Zellforscherin Dr. Monika Röntgen über den Stand der Forschung an kultiviertem Fleisch

Welche Vorteile hätte es, wenn wir Fleisch ohne Tiere züchten könnten?

Wir hätten viele Probleme nicht mehr, die die konventionelle Fleischproduktion mit sich bringt: ethische, gesundheitliche, umweltbedingte. Klima und Umwelt werden durch die Fleischproduktion zurzeit stark belastet. So wird ein großer Teil des Landes für die Tierfuttererzeugung genutzt, Böden werden ausgelaugt und Wasser verschmutzt. Und: Nur rund 50 Prozent eines Rinderschlachtkörpers sind überhaupt essbar.

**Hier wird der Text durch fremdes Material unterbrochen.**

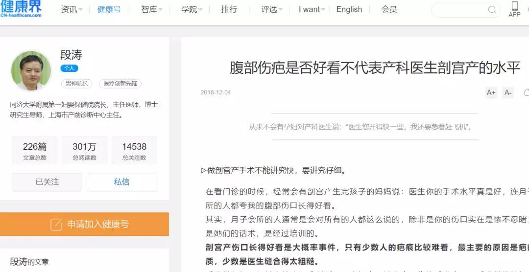 第一篇《腹部伤疤好看不代表产科医生剖宫产的水平》,这篇文章从普及产科手术的角度,写的是非常好的,但也暴露出该医院的职业化管理是有偏颇的,即重视了生物医学质量,而忽视了心理与社会医学质量。笔者就此文在其后的评论栏中写了这么一段话:

„Die Menschen wollen vor allem Steak, Schnitzel oder Brust essen. Wir müssen uns deshalb fragen: Warum überhaupt züchten wir alles andere mit?“

Die Hälfte wird weggeworfen?

Ja und dazu kommt unser Essverhalten. Die Menschen wollen vor allem Steak, Schnitzel oder Brust essen. Wir müssen uns deshalb fragen: Warum überhaupt züchten wir alles andere mit? Wenn wir auch auf zellbasierte Landwirtschaft setzen, können wir Fleisch gezielter produzieren und Gesundheitsaspekte berücksichtigen. Auch die Effizienz der Proteinumwandlung ist bei kultiviertem Fleisch doppelt so hoch wie bei tierischer Produktion und beträgt zum Beispiel für Rindfleisch 24 anstelle von 12 Prozent. Das ist auch vor dem Hintergrund interessant, dass die Weltbevölkerung bis zum Jahr 2050 auf zehn Milliarden Menschen wachsen soll.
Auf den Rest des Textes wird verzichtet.